We found this implementation quite useful for both data exploration and fine grained analysis.
Dropping and Recovering Organisms
One useful feature implemented in pagoo
is the
possibility of easily removing (hiding) organisms from the dataset. This
is useful if during the analysis we identify some genome with weird
characteristics (i.e. potentially contaminated), or if we want to focus
just in a subset of genomes of interest given any metadata value, or if
we included an outgroup for phylogenetic purposes but we want to remove
it from downstream analyses. Let’s see how it works..
Dropping organisms
p$organisms
## DataFrame with 7 rows and 8 columns
## org id strain year country host
## <factor> <character> <character> <integer> <character> <character>
## 1 16244_6_6 FR15 2008/170h 2008 France Human
## 2 16244_6_18 FR27 2012/185h 2012 France Human
## 3 17059_2_16 AR1 99/801 1999 Argentina Bovine
## 4 17059_2_23 AR8 04/875 2004 Argentina Bovine
## 5 17059_2_27 AR12 06/195 2006 Argentina Bovine
## 6 17150_1_73 CA1 001A-0374 2005 Canada Human
## 7 17059_2_42 TW6 1830 2008 Taiwan Human
## source accession
## <character> <character>
## 1 Feces ERS672247
## 2 Blood ERS672259
## 3 Prepuce ERS739235
## 4 Fetus ERS739242
## 5 VM ERS739246
## 6 Blood ERS686652
## 7 Blood ERS739261
p$summary_stats
## DataFrame with 4 rows and 2 columns
## Category Number
## <character> <integer>
## 1 Total 2588
## 2 Core 1627
## 3 Shell 413
## 4 Cloud 548
We can see that we have 7 organisms, and we have the pangenome summary statistics. Let’s say, for instance, that we want to exclude french isolates (because any reason) from the dataset, which are indexed 1 and 2 (rows) in the above dataframe.
p$drop(1:2)
p$organisms # Updated organisms !!
## DataFrame with 5 rows and 8 columns
## org id strain year country host
## <factor> <character> <character> <integer> <character> <character>
## 3 17059_2_16 AR1 99/801 1999 Argentina Bovine
## 4 17059_2_23 AR8 04/875 2004 Argentina Bovine
## 5 17059_2_27 AR12 06/195 2006 Argentina Bovine
## 6 17150_1_73 CA1 001A-0374 2005 Canada Human
## 7 17059_2_42 TW6 1830 2008 Taiwan Human
## source accession
## <character> <character>
## 3 Prepuce ERS739235
## 4 Fetus ERS739242
## 5 VM ERS739246
## 6 Blood ERS686652
## 7 Blood ERS739261
p$summary_stats # Updated stats !!
## DataFrame with 4 rows and 2 columns
## Category Number
## <character> <integer>
## 1 Total 2504
## 2 Core 1648
## 3 Shell 309
## 4 Cloud 547
As you see, not only the french organisms have been removed from the
dataset, but also summary statistics have been updated!
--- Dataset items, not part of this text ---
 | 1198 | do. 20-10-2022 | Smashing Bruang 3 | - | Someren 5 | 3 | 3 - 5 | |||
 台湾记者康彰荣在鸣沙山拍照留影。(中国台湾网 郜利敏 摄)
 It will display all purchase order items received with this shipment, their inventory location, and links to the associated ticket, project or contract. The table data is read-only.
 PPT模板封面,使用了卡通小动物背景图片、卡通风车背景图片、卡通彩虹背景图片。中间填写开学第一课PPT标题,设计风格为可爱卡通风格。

This is also
true for any other data field: $pan_matrix
,
$genes
, $clusters
, $sequences
,
and$organisms
fields are automatically updated. Also any
embedded statistical or visualization methods will now only consider
available organisms/clusters/genes. When we drop an organisms, we are
hiding all features associated to that genomes including genes,
sequences, gene clusters and metadata.
It’s important to note that you don’t have to reassign the object to a new one, it is self modified (in place modification). That’s R6 reference semantics (see R6 documentation for details), use with caution.
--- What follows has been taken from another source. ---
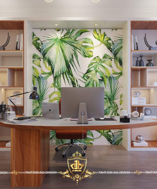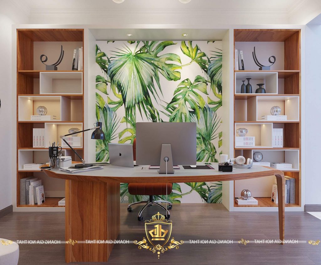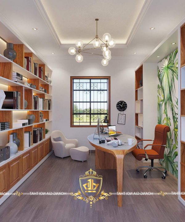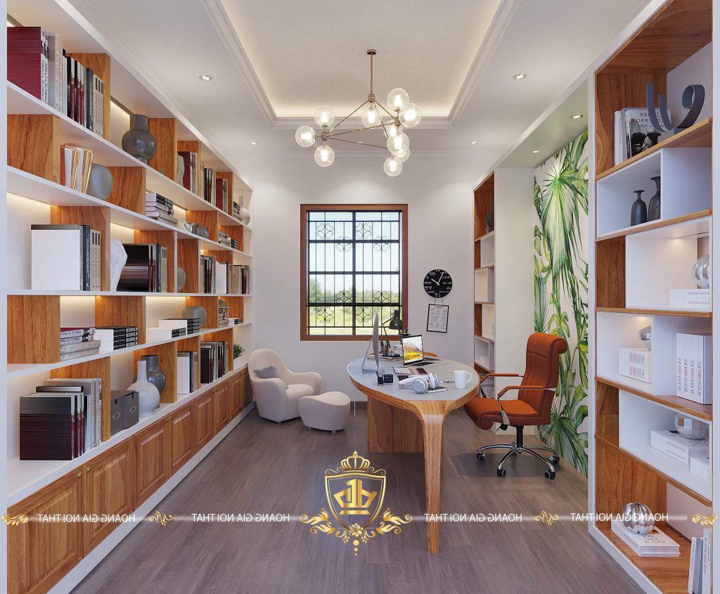 Bàn làm việc được đặt kế bên cửa sổ nhằm mục đích tận dụng triệt để ánh sáng tự nhiên bên ngoài. Tủ sách lớn được làm từ gỗ cao cấp được chia thành nhiều ngăn giúp bạn để sách được nhiều hơn giúp không gian làm việc của bạn hiện đại và ấn tượng.

Recovering dropped organisms
You can recover dropped organisms. To see if we have any hidden
organism, we use the $dropped
field, and then recover it
using its index or its name.
p$dropped
## 1 2
## "16244_6_6" "16244_6_18"
p$recover( p$dropped )
p$organisms
## DataFrame with 7 rows and 8 columns
## org id strain year country host
## <factor> <character> <character> <integer> <character> <character>
## 1 16244_6_6 FR15 2008/170h 2008 France Human
## 2 16244_6_18 FR27 2012/185h 2012 France Human
## 3 17059_2_16 AR1 99/801 1999 Argentina Bovine
## 4 17059_2_23 AR8 04/875 2004 Argentina Bovine
## 5 17059_2_27 AR12 06/195 2006 Argentina Bovine
## 6 17150_1_73 CA1 001A-0374 2005 Canada Human
## 7 17059_2_42 TW6 1830 2008 Taiwan Human
## source accession
## <character> <character>
## 1 Feces ERS672247
## 2 Blood ERS672259
## 3 Prepuce ERS739235
## 4 Fetus ERS739242
## 5 VM ERS739246
## 6 Blood ERS686652
## 7 Blood ERS739261
Now french isolates and all its features are again available.